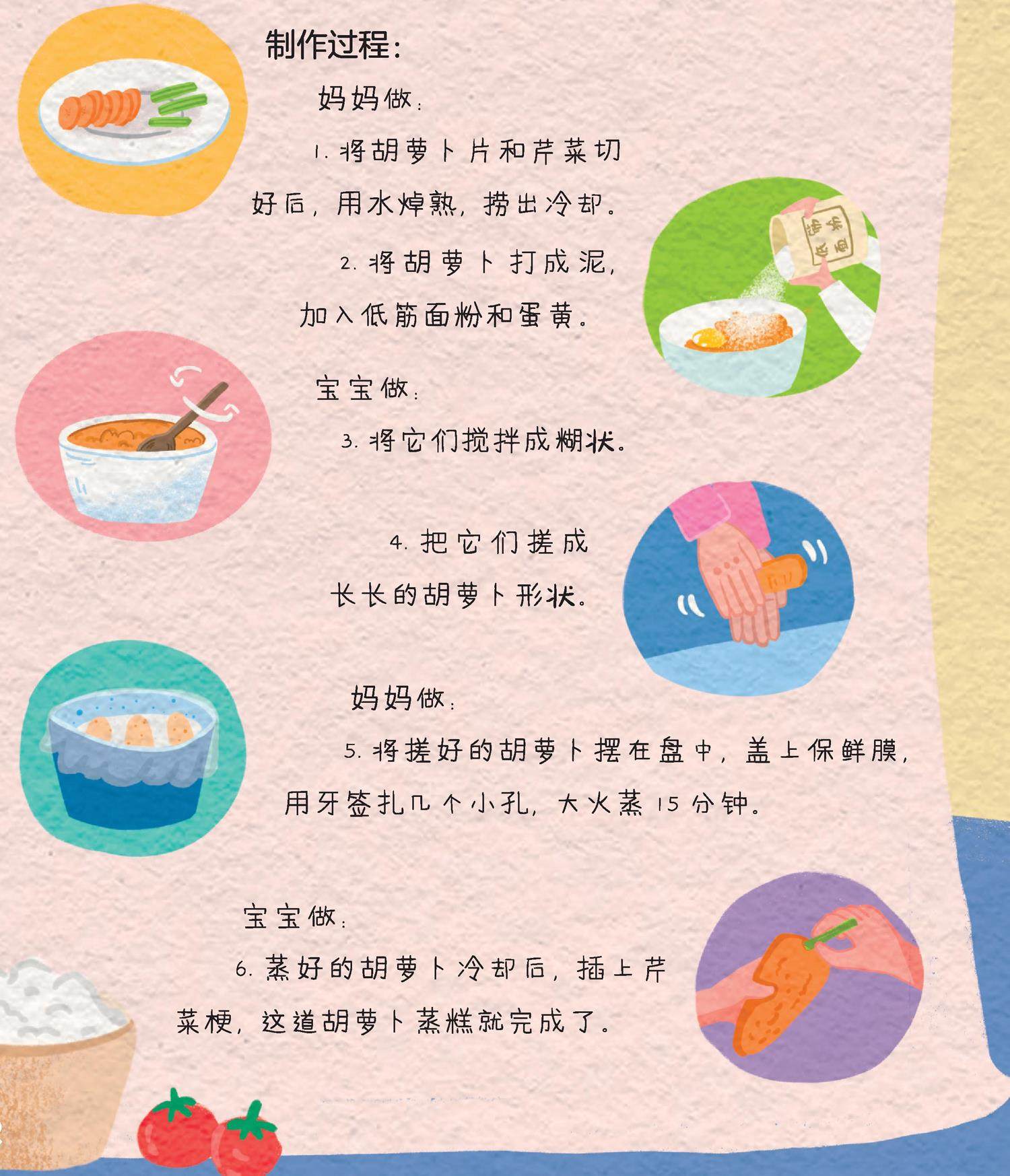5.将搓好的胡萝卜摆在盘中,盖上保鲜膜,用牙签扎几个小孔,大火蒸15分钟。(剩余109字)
****
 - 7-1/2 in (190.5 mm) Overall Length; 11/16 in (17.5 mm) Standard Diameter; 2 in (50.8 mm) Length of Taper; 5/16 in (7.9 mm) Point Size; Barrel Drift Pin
****
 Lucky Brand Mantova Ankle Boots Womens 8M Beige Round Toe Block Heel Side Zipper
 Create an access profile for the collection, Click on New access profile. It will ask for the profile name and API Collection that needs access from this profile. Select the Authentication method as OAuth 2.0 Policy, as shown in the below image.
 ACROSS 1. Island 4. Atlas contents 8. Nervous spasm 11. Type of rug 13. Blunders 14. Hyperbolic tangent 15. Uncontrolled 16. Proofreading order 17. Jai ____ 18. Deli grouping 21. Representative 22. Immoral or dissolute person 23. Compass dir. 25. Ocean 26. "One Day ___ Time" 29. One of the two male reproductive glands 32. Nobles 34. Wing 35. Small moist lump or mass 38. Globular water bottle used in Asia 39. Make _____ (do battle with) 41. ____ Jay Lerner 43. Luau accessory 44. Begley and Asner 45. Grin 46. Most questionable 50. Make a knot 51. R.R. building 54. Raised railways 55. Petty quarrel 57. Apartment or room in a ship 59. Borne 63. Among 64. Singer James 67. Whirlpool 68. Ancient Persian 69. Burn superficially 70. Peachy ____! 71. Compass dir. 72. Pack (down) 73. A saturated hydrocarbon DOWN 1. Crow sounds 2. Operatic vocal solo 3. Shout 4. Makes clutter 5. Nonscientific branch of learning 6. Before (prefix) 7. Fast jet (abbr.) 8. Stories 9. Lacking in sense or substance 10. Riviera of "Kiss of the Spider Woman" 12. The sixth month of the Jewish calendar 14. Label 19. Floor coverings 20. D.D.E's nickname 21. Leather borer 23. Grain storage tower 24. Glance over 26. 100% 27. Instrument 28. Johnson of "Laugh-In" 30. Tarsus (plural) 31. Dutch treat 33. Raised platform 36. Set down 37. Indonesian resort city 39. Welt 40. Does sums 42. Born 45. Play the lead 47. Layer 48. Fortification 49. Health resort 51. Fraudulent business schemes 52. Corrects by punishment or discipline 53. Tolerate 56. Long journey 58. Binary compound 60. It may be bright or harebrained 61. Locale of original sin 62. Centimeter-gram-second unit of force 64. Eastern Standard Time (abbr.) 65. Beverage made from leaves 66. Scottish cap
****
== Problem statement ==
Please copy, exactly as written, every line in the listing above from the line with "Lucky Brand Mantova" up to and including the line with "Create an access".

== Solved exercise ==
 Lucky Brand Mantova Ankle Boots Womens 8M Beige Round Toe Block Heel Side Zipper
 Create an access profile for the collection, Click on New access profile. It will ask for the profile name and API Collection that needs access from this profile. Select the Authentication method as OAuth 2.0 Policy, as shown in the below image.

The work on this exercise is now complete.